Vom Zuckerproblem zur Süßstoffdebatte
Die vermeintlich einfache Lösung mit Süßstoffen hat aber eine weitere Ebene: Süßstoffe gelten zwar als Ausweg aus dem Zuckerdilemma, die wissenschaftliche Bewertung fällt jedoch uneinheitlich aus, auch mit Blick auf mögliche Auswirkungen auf Appetit und Essverhalten.

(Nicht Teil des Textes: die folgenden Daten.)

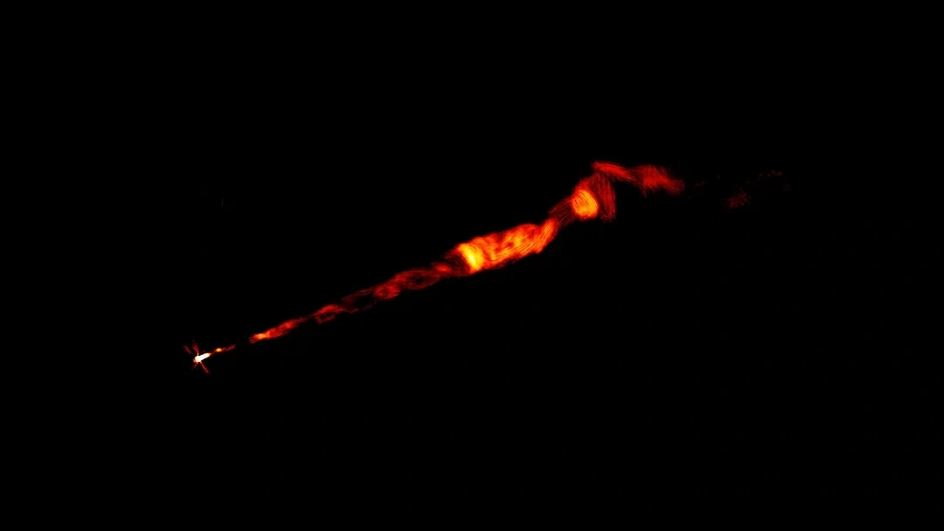 Джет — струя субатомных частиц, вылетающая из черной дыры, — несется через космос почти со скоростью света и растягивается на 8000 световых лет. Предыдущие радионаблюдения показали, что струя имеет форму двойной спирали, но ее структура в инфракрасном диапазоне оставалась загадкой. Новые инфракрасные изображения впервые показали четкую структуру загадочного контр-джета — мощного потока вещества, которое извергается в противоположном направлении от основной струи.
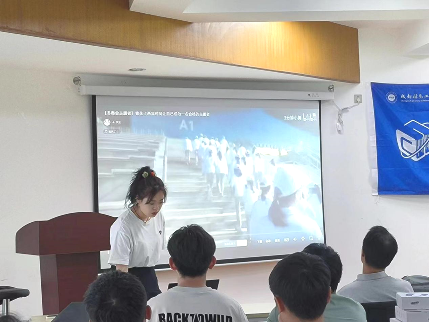 罗霞向志愿者们播放了一条华北师大的老员工们担任冬奥会志愿者期间的VLOG,同时向志愿者们强调了一些注意事项,让大家对工作流程有一个更熟悉的认识。罗霞鼓励志愿者们:“虽然这个过程会很辛苦,但一切辛苦都是值得的,加油坚持下去”。
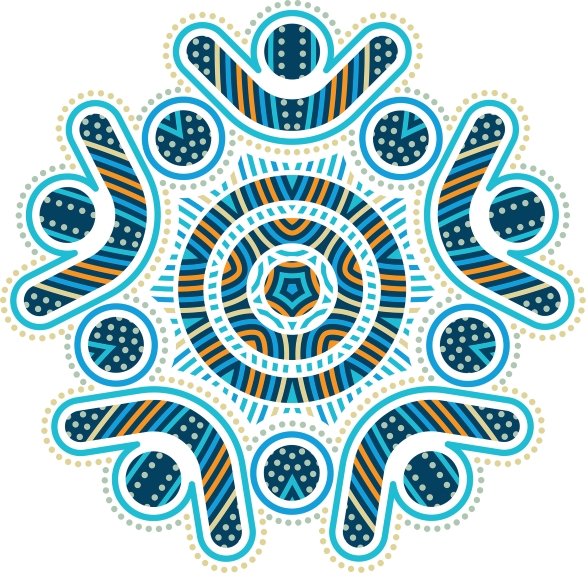 The coloured lines and dotted pathways extend from the people through to community where positive relationships between ANZ and Aboriginal and Torres Strait Islander peoples, communities and organisations can be forged to help shape a world where people and communities thrive.
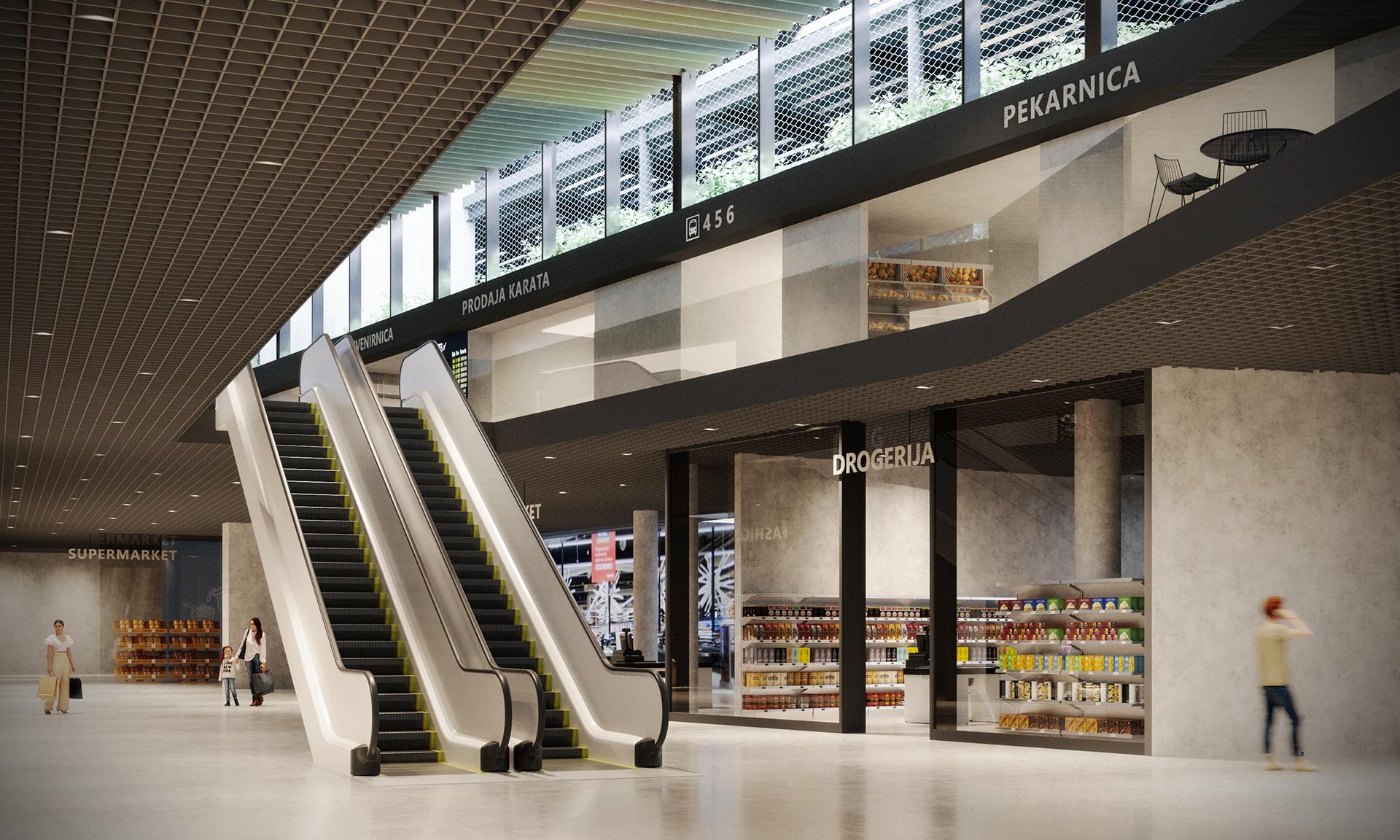Unutar zgrade smešteni su autobuski terminal s 14 perona i 6 autobuskih parkirališta, javna garaža za preko 800 vozila, tržni centar s pratećim ugostiteljskim i komercijalnim sadržajima u prizemlju, te poslovni i javni sadržaji na višim etažama.
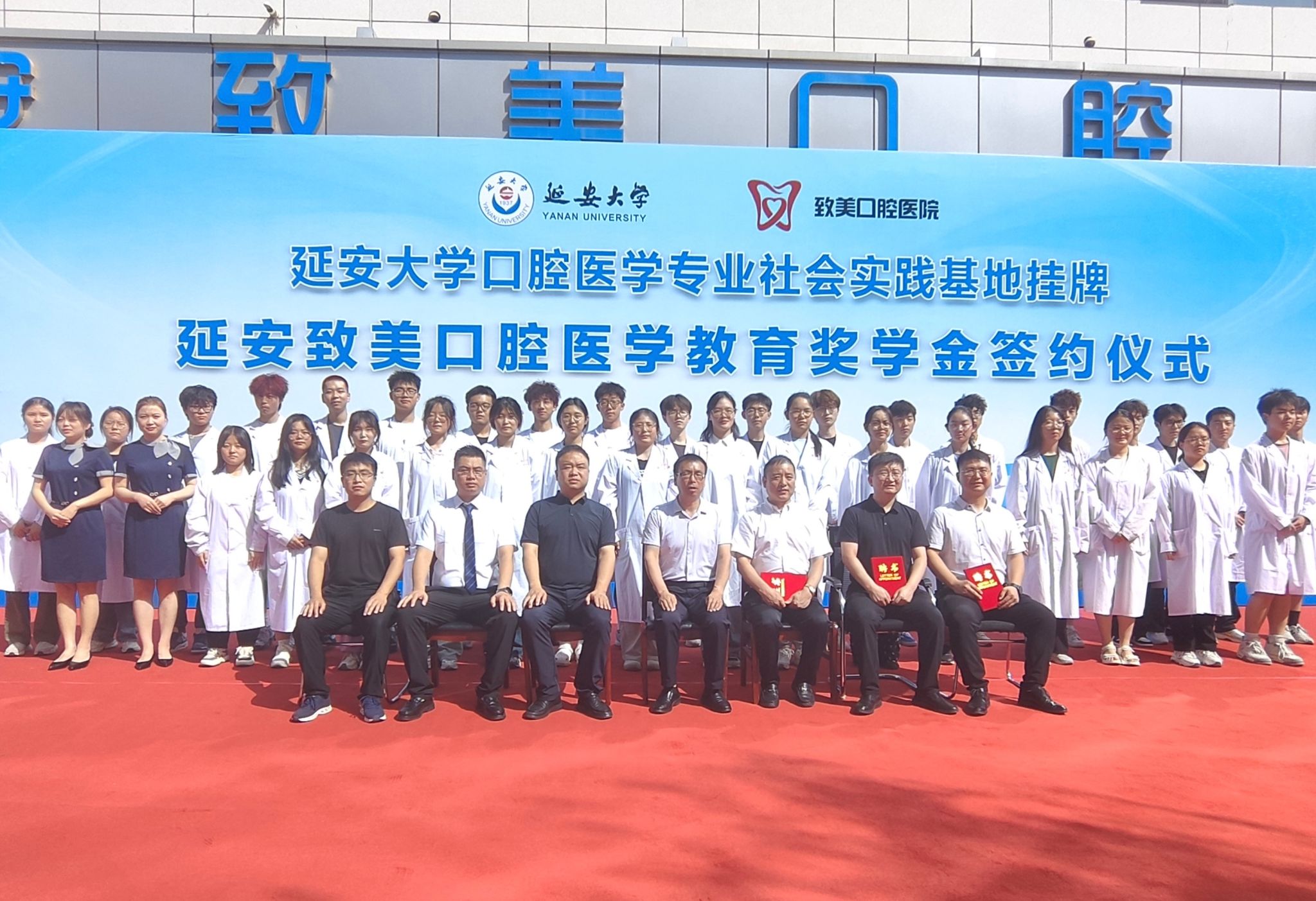 本网讯 为深入推进产教融合、加强校企合作, 6月14日上午,医学院联合延安致美口腔医院于致美口腔医院百米大道院区举行社会实践基地挂牌暨“延安致美口腔医学教育奖学金”签约仪式。医学院党委副书记罗世乾,党委组织员韩瑜,医学院就业指导科李荣华,延安致美口腔医院董事长、院长聂振轩,百米大道分院院长石飞,枣园分院院长郭强,“白求恩”医疗服务队队员及口腔医学专业学生参加本次活动。
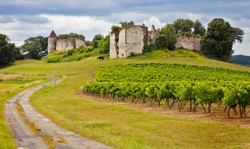 Several offshoot branches were founded in the Middle Ages, and more lordships were acquired by the branch of Gondrin, notably the lordship of Castillon (c. 1400), in the area downriver from Bordeaux known as the Médoc (now on the edge of the village of Saint-Christoly). Its incredibly ancient tower still stands, though it has served as a home for pigeons (a pigeonnier) since the 18th century. The coat-of-arms for this family, three moors’ heads over a castle, were added to the wavy blue and white lines of the Gondrin arms.
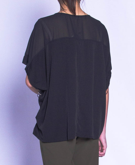 Women Short-Sleeve Blouse With Shoulder Pads - Black - H0W718
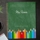 A modern personalised planner for teachers featuring a green chalkboard background with colourful coloured pencils. Teacher's Name in Script. Custom text at bottom in a serif font.
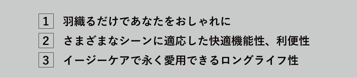 そのコートとしての圧倒的な軽量感、今までにない着用感は、あなたの外出を劇的に快適なものに変えます。
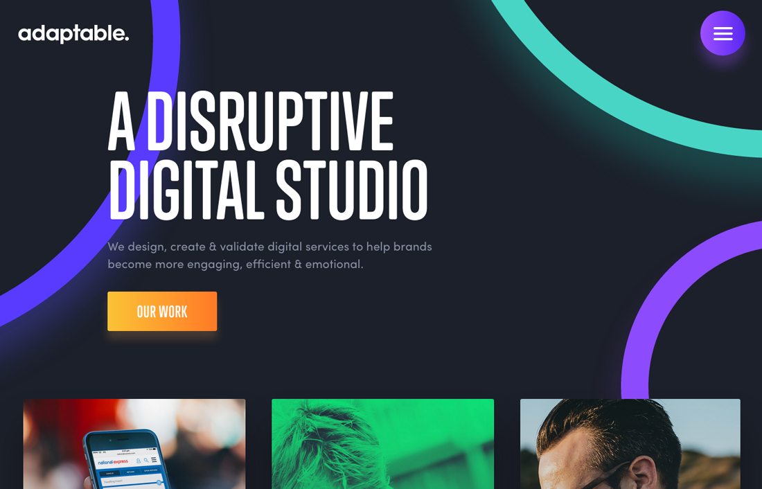 但是,真正的霓虹色的元素,很難被鏡頭捕捉到,這也使得許多包含霓虹燈的圖片,并不夠優(yōu)質(zhì)。如果要使用,盡量使用簡單、簡約、對比強烈、空間感十足的帶有霓虹色的圖片,就像上面的Yoke 網(wǎng)站一樣。
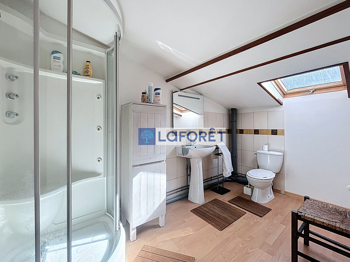 A l'étage, 2 chambres mansardées et d'une salle d'eau avec WC.
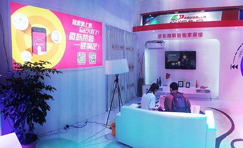 在京东微联展示区,用户可以使用京东微联这一“超级APP”操控不同智能硬件,体验未来智能生活,吸引了不少人前来体验。
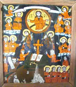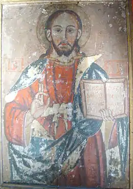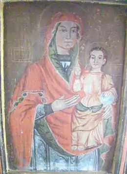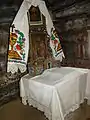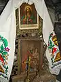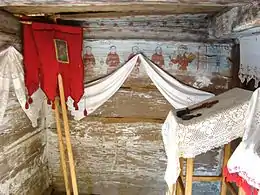 În Altar se păstrează chipurile în ținută de Arhiereu ale Sf.Ioan, Sf.Vasile, Sf. Grigore, Sf. Ignatiu și Sf. Laurențiu. Tot în Altar se mai păstrează icoana Maicii Domnului cu Pruncul, într-o ramă largă și aerisit ornamentată cu vrejuri și medalioane șterse și un chivot de formă dreptunghiulară, frumos ornamentat[4].
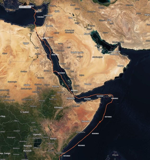 Et bien sûr, la plus grande partie du parcours se fait dans la zone dite à haut risque (High Risk Area: HRA). C’est là qu’au cours des 2 dernières décennies ont eu lieu de nombreuses attaques de pirates, jusqu’à 2020 principalement d’origine Somalienne mais plus récemment Yéménite. La plus grande prudence et une vigilance de tous les instants sont donc très fortement recommandées. Il est aussi vivement conseillé de s’inscrire auprès des organismes responsables de la sécurité dans la région et de suivre leur recommandations: UKMTO, MSCHOA (opération Atalante) et pour les navigateurs Français, notre Marine Nationale (MICA Center et ALINDIEN). L’inscription se fait très facilement sur leurs sites respectifs quelques jours où même quelques semaines avant le départ, c’est entièrement gratuit.

Tatsache ist: Süßstoffe werden in der Schweinemast gezielt eingesetzt, um die Futteraufnahme zu erhöhen.
Überträgt man das auf den Menschen, stellt sich eine unbequeme Frage: Ersetzen wir mit Süßstoffen wirklich ein Problem, oder verschieben wir es nur? Sicher ist vor allem eines: Die langfristigen Effekte sind nicht abschließend geklärt.
Hinzu kommt: Die Weltgesundheitsorganisation hat den weit verbreiteten Süßstoff Aspartam als „möglicherweise krebserregend“ eingestuft. Das ergibt ein irritierendes Bild: Die Politik reduziert den Zucker und setzt zunehmend auf Stoffe, deren Wirkung selbst Gegenstand der Forschung ist. Damit stellt sich eine unbequeme Frage: Wenn heute Zucker das Problem ist, wird dann der Süßstoff das nächste?
Die Ausweitung der Regulierung
Die Logik der Lenkungssteuer kennt kein Ende. Heute Zucker, morgen Süßstoff, übermorgen Fett oder Salz. Schritt für Schritt greift der Staat tiefer in den Alltag ein; stets mit guten Gründen, aber selten mit klaren Grenzen.
Auch die aktuelle Diskussion um höhere Alkoholsteuern fügt sich in dieses Bild. Wieder geht es um Gesundheit, wieder um Konsum, wieder um Einnahmen. Gleichzeitig bleibt die Politik vorsichtig, vor allem dort, wo kulturelle Gewohnheiten berührt werden. Bier und Wein gelten als schützenswert, Limonade nicht. Diese Selektivität wirft Fragen auf.
Am Ende bleibt der Eindruck einer Politik, die komplexe Probleme mit einfachen Instrumenten lösen will. Doch Ernährungsgewohnheiten lassen sich nicht per Steuerbescheid verändern. Sie sind das Ergebnis von Bildung, Umfeld, sozialer Lage und individueller Entscheidung.
Natürlich ist es legitim, auf Risiken hinzuweisen. Natürlich ist Aufklärung notwendig. Eine Steuer aber geht weiter: Sie greift in Konsumentscheidungen ein – nicht über Argumente, sondern über den Preis.
Die eigentliche Herausforderung liegt aber nicht im Preis einer Limonade, sondern im Umgang mit Ernährung insgesamt. Wer glaubt, dieses Problem über den Kassenzettel lösen zu können, macht es sich zu leicht. Oder anders gesagt: Die Zuckersteuer ist keine Lösung. Sie verändert Produkte, Preise und Märkte – aber nicht zwangsläufig das Verhalten, das sie eigentlich erreichen will.